You might find what Aristotle said about this question in his Physics over two millenia ago; he begins first by identifying contraries as principles if nature (ie as laws of nature), in Greek arche:
(188a19 - 189a10)
All thinkers then agree in making the contraries principles; both those who describe the All as one and unmoved (for even Parmenides treats hold and cold as principles under the name earth and fire) and those who use the rare and dense. The same is true of Democritus also, of his plenum and void; both of which he says exist, the one as being, and the other as non-being. Again, he speaks of differences of position, shape and order; and these are genera, of which the species are contraries; of position, above and below, before and behind; of shape, angular and angle-less, roundness and straightness.

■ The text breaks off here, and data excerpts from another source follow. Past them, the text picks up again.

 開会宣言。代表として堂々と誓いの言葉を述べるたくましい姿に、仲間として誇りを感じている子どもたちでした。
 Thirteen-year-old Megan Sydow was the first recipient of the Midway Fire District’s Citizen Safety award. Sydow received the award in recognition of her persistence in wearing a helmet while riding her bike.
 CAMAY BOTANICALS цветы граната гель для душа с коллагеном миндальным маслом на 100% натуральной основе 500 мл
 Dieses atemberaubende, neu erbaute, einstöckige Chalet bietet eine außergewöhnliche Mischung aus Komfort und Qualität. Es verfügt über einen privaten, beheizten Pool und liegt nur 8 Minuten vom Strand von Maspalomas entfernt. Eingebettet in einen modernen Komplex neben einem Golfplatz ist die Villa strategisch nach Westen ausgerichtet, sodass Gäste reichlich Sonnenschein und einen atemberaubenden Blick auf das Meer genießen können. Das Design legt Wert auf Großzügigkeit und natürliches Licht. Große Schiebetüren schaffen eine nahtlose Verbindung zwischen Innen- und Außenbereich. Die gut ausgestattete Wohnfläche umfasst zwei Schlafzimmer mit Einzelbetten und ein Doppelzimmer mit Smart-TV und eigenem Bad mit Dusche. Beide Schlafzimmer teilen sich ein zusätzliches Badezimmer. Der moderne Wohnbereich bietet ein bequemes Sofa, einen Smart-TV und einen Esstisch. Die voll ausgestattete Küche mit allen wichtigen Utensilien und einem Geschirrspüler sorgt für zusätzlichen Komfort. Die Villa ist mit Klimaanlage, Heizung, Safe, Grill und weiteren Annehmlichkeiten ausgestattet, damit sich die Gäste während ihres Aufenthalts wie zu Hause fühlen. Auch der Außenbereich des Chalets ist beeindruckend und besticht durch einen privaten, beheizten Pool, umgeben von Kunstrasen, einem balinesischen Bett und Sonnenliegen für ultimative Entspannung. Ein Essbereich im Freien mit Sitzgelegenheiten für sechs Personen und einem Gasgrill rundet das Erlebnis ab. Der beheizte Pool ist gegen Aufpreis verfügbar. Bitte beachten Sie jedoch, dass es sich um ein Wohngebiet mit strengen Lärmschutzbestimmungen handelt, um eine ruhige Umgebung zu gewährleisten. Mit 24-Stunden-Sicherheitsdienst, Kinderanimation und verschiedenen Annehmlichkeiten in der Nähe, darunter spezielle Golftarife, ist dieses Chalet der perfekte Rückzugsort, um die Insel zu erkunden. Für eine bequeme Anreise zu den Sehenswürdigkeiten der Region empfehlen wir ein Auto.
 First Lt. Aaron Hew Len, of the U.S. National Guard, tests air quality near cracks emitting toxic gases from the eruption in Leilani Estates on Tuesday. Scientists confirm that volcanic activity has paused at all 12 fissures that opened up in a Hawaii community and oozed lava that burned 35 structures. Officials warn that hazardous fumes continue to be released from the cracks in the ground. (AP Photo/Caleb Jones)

He describes principles discursively as:
for first principles must not be derived from each other, nor from anything else; while everything must be derived from them.
And then
but these condition are fulfilled by the primary contraries; which are not derived from anything because they are primary; nor from each other because they are contraries.
His presupposes that
in nature, nothing acts on or is acted upon by any other thing at random, nor can anything come from anything else
And so
Eveything that comes to be by a natural process is either a contrary or a product of contraries.
He then asks, as you do:
(188a11-189b19)
the next question is whether the principles are two, three or more in number.
And
one they cannot be, for there cannot be one contrary
He offers no argument for, at least at this point of the text; and then
nor can they be in-numerable [ie infinite in number] because if so Being would be unknowable.
Hence he presupposes that Being must be of such a nature that it must be knowable; and also
granted then, that there is a finite number, it is plausible to suppose them more than two in number; for it is difficult to see how density should be of such a nature as to act on rarity, or rarity on density; the same is true of any other contrary ... both act on a third thing different from either.

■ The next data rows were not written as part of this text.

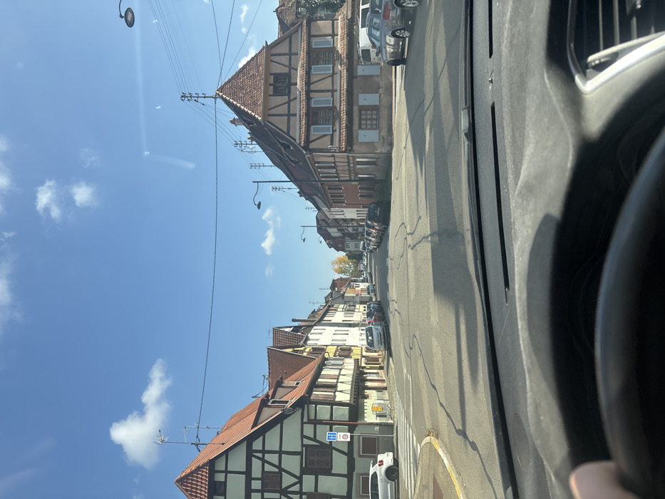 The image depicts a street scene in Sélestat, France, specifically at the intersection of Rue des Tonneliers and Rue du 17 Novembre, looking southwest along Rue du 17 Novembre. The view is captured from inside a vehicle, with a portion of a dusty black dashboard and the top of a steering wheel visible in the foreground; a left hand is partially seen gripping the steering wheel. The environment is a clear, sunny day with a bright blue sky and sparse white clouds. Shadows are cast across the paved asphalt street, which shows visible cracks. The street is lined with multiple cars parked along both sides. On the left, a prominent three-story half-timbered building with a light green stucco infill and dark timber beams features a steep red tile roof with multiple antennas. A "no parking" sign is affixed to its facade. Adjacent to this, a white Volkswagen Polo is parked next to a pedestrian crossing. A row of similar multi-story Alsatian-style houses, varying in facade color, extends down the street. On the right, another large three-story half-timbered building, with beige/light brown stucco and dark timber beams, also has a steep red tile roof and utility wires overhead. Its ground floor windows are equipped with light blue shutters. Several vehicles, including a grey Audi sedan and a white van, are parked along this side of the street. Dark-poled streetlights are visible extending into the distance on both sides of the road. Further down the street, some trees display yellowing foliage, suggesting an autumn season. No people are visible within the frame.
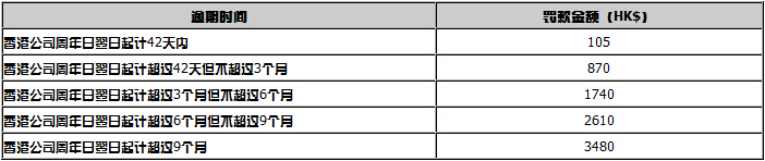 周年日翌日起計超過3個月但不超過6個月,罰款HK$1740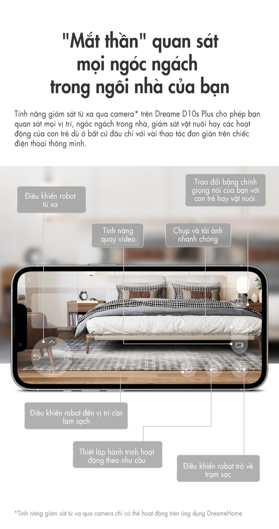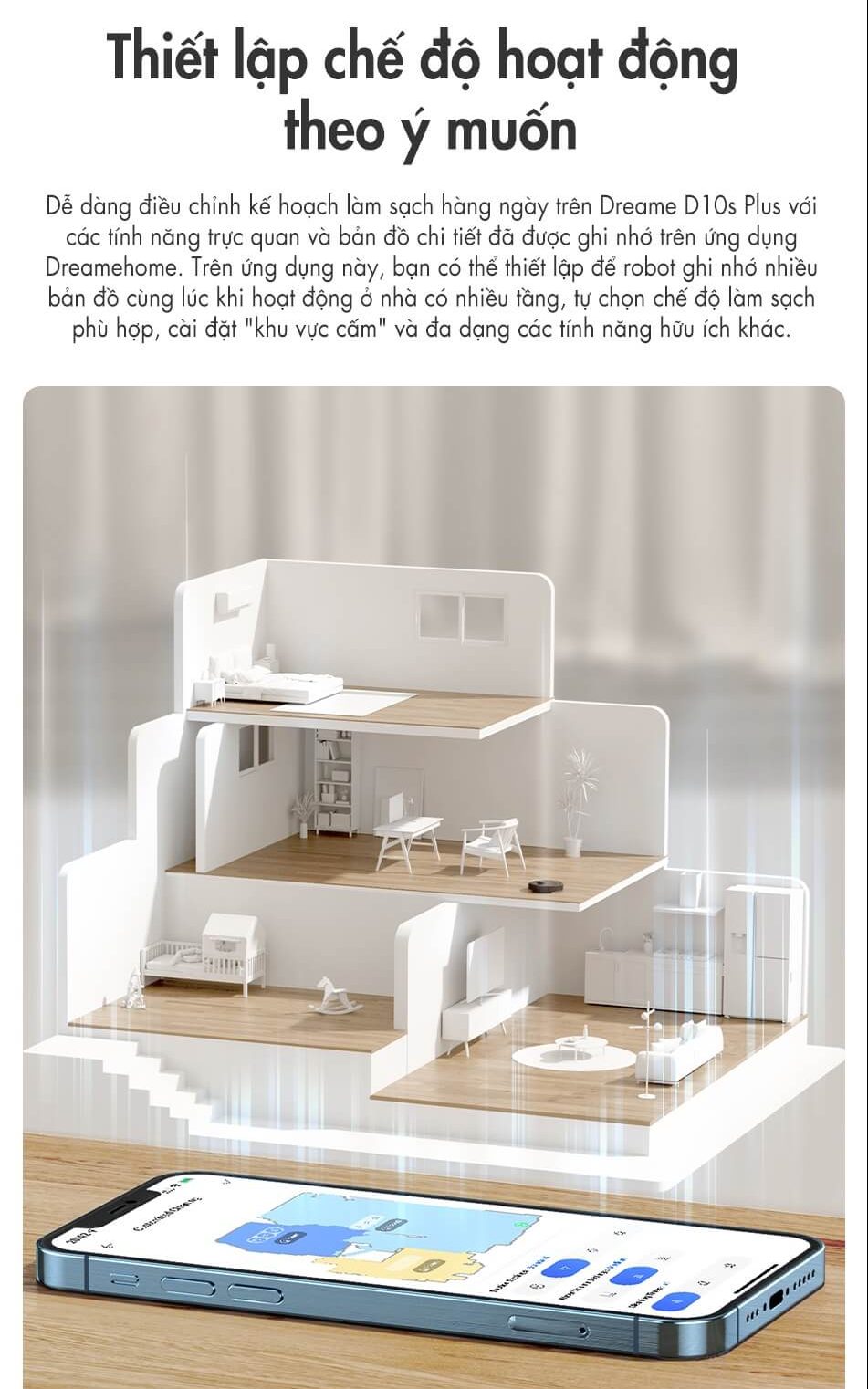 Bằng việc kết nối thông qua kết nối App Dreame Home, giúp người dung có thể dễ dàng thao tác theo nhu cầu như lưu thông tin được tối đa 3 tầng bản đồ; tạo vùng cấm, tường ảo, hẹn giờ, điều chỉnh lực hút…

Interestingly he clarifies the notion of a principle further in terms of his logic
what is a principle ought not to be the predicate of any subject; if it were, there would be a principle of the supposed principle; for the subject is principle, and prior, presumably, to anything predicated of it.
He then adds
All, however agree in this, that they differentiate their one by means of contraries such as density and rarity, or more and less; which may be generalised, as already been said, into excess and defect; indeed, this doctrine (that the one and excess and defect are the principle of things) would appear to be of old standing ... for the early thinkers made the two the active principle, and the one the passive; whereas some of the more recent maintain the reverse.
(Interestingly he does not say how old this theory is; after all, in his time, Parmenides was around two generations ago, so not much more than a century from his writing this); so he concludes:
to suppose then that the elements are three in number would seem, from these and similar considerations, a plausible view ... it is clear then that the number of elements is neither one nor more than two or three; but whether it is two or three is, as I have said, a question of considerable difficulty.